Laser-Assisted Sub-Epithelial Keratectomy (LASEK) is a variant of PRK that combines elements of PRK and LASIK. During the procedure, the epithelium is loosened from the underlying tissue with the use of diluted alcohol. This “flap” of surface epithelial cells is then reflected back, and the laser is applied to the surface of the cornea. The “flap” is then repositioned back into place after the laser application. The advantages of LASEK over PRK are a topic of significant controversy. Although some refractive surgeons believe it provides improved comfort and more rapid healing compared to PRK, most studies have not found this to be the case.

Epi-LASIK

Epi-LASIK is also a variant of PRK that, instead, combines elements of LASEK and LASIK. Epi-LASIK is essentially the same procedure as LASEK, but the epithelial “flap” is created using a special modification of the microkeratome blades generally used to make the (deeper) LASIK flap.

The advantage of the Epi-LASIK over LASEK is that no alcohol is used to create the epithelial sheet. This procedure has been shown to result in more rapid recovery and improved comfort when compared to PRK or LASEK.

However, for the same reasons that Dr. Kieval has abandoned the use of microkeratome blades for LASIK, Epi-LASIK possesses increased risk that is obviated by simply performing PRK.

Monovision

“Monovision” is a technique used to deal with the correction of presbyopia, the gradual loss of the ability of the eye to change focus for close-up tasks, which progresses after the age of 40. This practice was first applied successfully for contact lens wearers, in which one eye is fit with a contact lens to correct distance vision, and the other eye is fit with a contact lens to correct near vision. Similarly, with LASIK, a patient has one eye operated on to correct the distance vision, and the other operated on to correct the near vision.

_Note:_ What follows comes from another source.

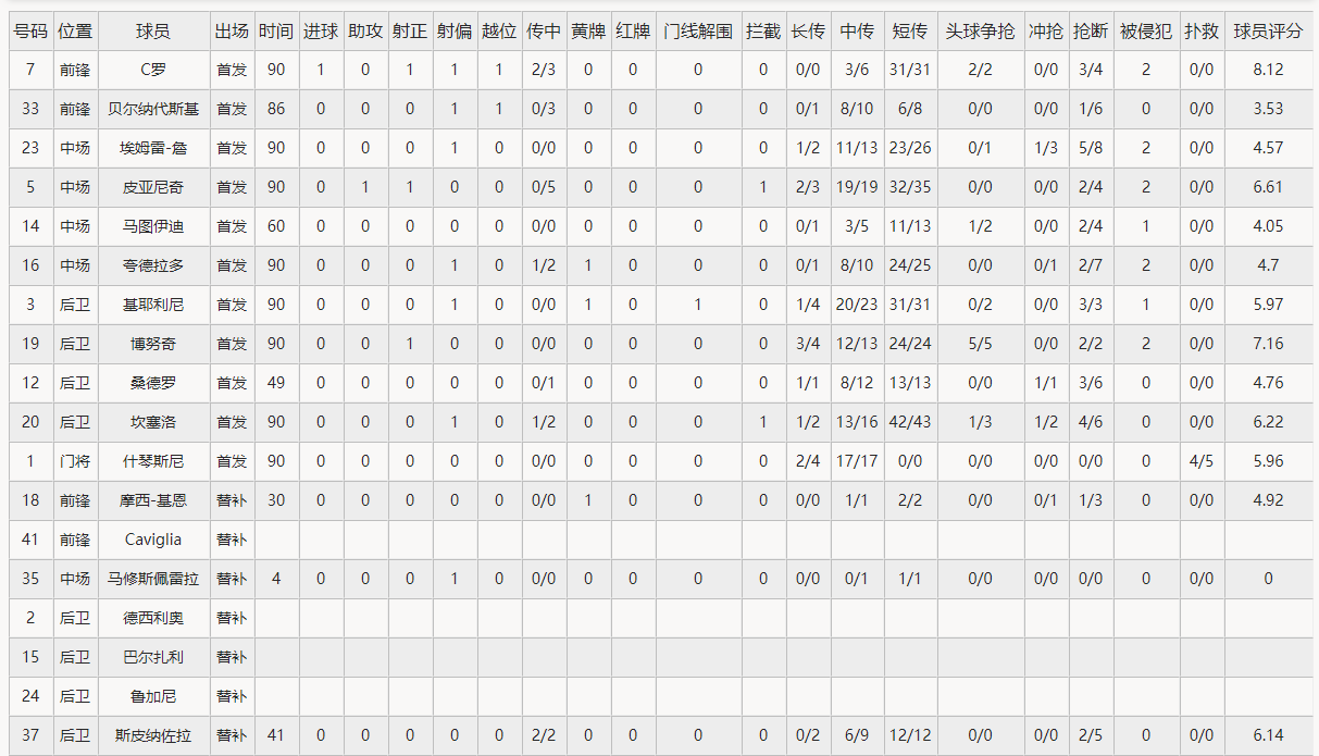 尤文图斯(4-3-3):1-什琴斯尼/3-基耶利尼、19-博努奇、20-坎塞洛、12-阿莱士-桑德罗(37-斯皮纳佐拉 49’)/14-马图伊迪(18-莫伊塞-基恩 60’)、5-皮亚尼奇、23-埃姆雷-詹/16-夸德拉多、33-贝尔纳代斯基(35-马特乌斯-佩雷拉 85’)、7-C罗

Patients over the age of 40 who have symptoms of presbyopia have a choice. If both eyes are corrected to see well in the distance, then glasses will be needed for close-up work. The alternative is monovision. Monovision represents a compromise that allows for the preservation of both distance and near vision without the use of glasses. The majority of patients have no difficulties with this procedure, and it is the most common technique requested by eye specialists undergoing laser vision correction. A contact lens trial will always be performed prior to surgery to mimic the monovision effect and determine a patient’s level of comfort.